Elan Morin Tedronai

1.         Aparência:    

Não era tão alto como Lews Therin, e estava vestido em roupas totalmente negras – exceto por uma renda branca, que lhe circundava a garganta, e por algumas filigranas de prata nas dobras de suas compridas botas.” (p. X, OOdM, Ed. Caladwin)

2.         Era das Lendas (Age of Legends)

Apelidado, durante a Era das Lendas, como Traidor da Esperança (Betrayer of Hope). Ele aparece nos salões de Lews, ao que tudo indica, logo após este ter chacinado toda sua família, amigos e servos, tomado pela loucura em função da canalização de saidin, maculado pelo Tenebroso (Dark One).

Inconformado com o fato de a loucura de seu adversário provocarem dificuldades para que este reconheça o que está acontecendo ao seu redor (“Não lhe darei o alívio da morte antes que você lembre o que aconteceu. Não, não deixarei que morra sob a proteção da ignorância. Lembre-se!” e também “Mas agora, eu o sobrepujei. E não deixarei que você morra sem saber disso. Andes de morrer, você terá um último pensamento: a consciência absoluta de sua derrota, de sua completa e esmagadora derrota. Isso, se eu permitir que morra. “ – p. XI, OOdM, Ed.

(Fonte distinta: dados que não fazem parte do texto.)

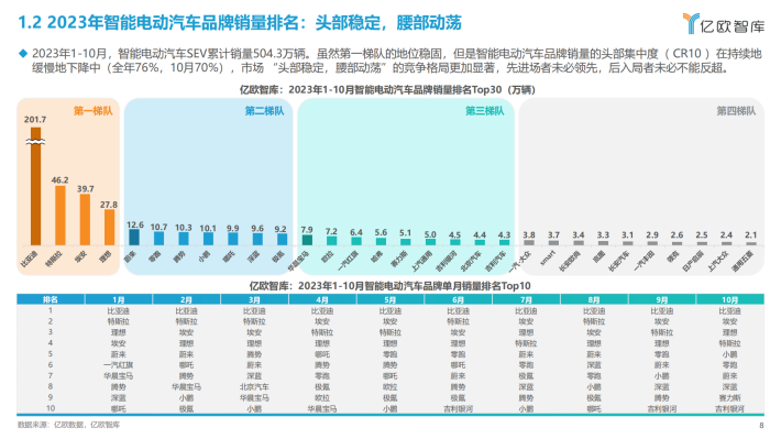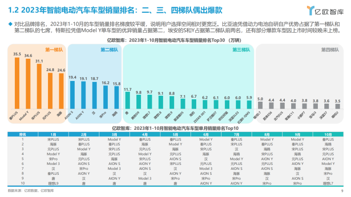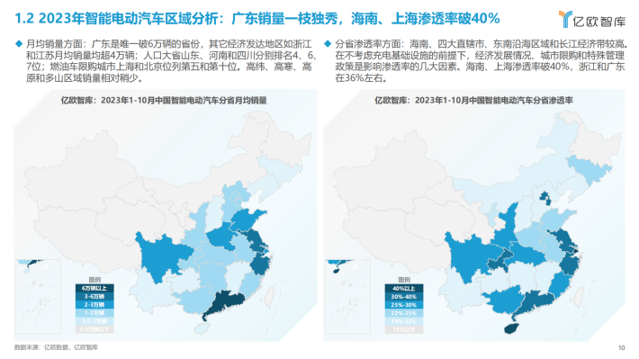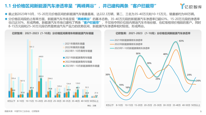 截止到2023年10月,15-20万元价格区间的新能源汽车销量最高,达222.3万辆,第二、三名为35-40万元和10-15万元,销量都约为88万辆。分价格区间段的占有率方面,新能源汽车市场呈现“两峰两谷”的基本态势。35-40万元段的新能源汽车渗透率已超63%,15-20万元段的渗透率也已达50%,形成两峰。新能源汽车市场已建构了两条“客户拦截带”,不仅抢夺同价位段内燃油汽车市场份额,也虹吸相邻价格段的客户。同时8-15万元段和25-30万元段仍然是燃油汽车产品力的优势区间,新能源汽车渗透率相对较低,形成两谷。

Caladwin), Elan cura Lews, que, por sua vez, desesperado por ter matado sua família, inclusive sua amada esposa Ilyena e filhos, amigos e servos, decide acabar com sua própria existência, levando à criação do Monte do Dragão (Dragonmount).

Elan, antes de curar Lews da loucura (uma cura dolorosa e temporária), trava uma discussão (quase um monólogo de Elan, a bem da verdade) com o Dragão, que elucida um pouco a relação entre os dois: Elan afirma que, diferentemente do Dragão, ele aceita o nome (Traidor da Esperança) que recebeu; afirma que antes de se encontrar em tal estado de miserável loucura, o Dragão se erguia como o primeiro dos Servos, usava o Anel de Tamyrlin, sentava-se no Grão-trono (High Seat), tendo, inclusive, o poder para invocar os Nove Bastões do Domínio (Nine Rods of Dominion). Inclusive, mostrando certa mágoa, fala que foi humilhado pelo Dragão no Salão dos Servos e que sofreu uma derrota contra Lews nos Portais de Paaran Disen.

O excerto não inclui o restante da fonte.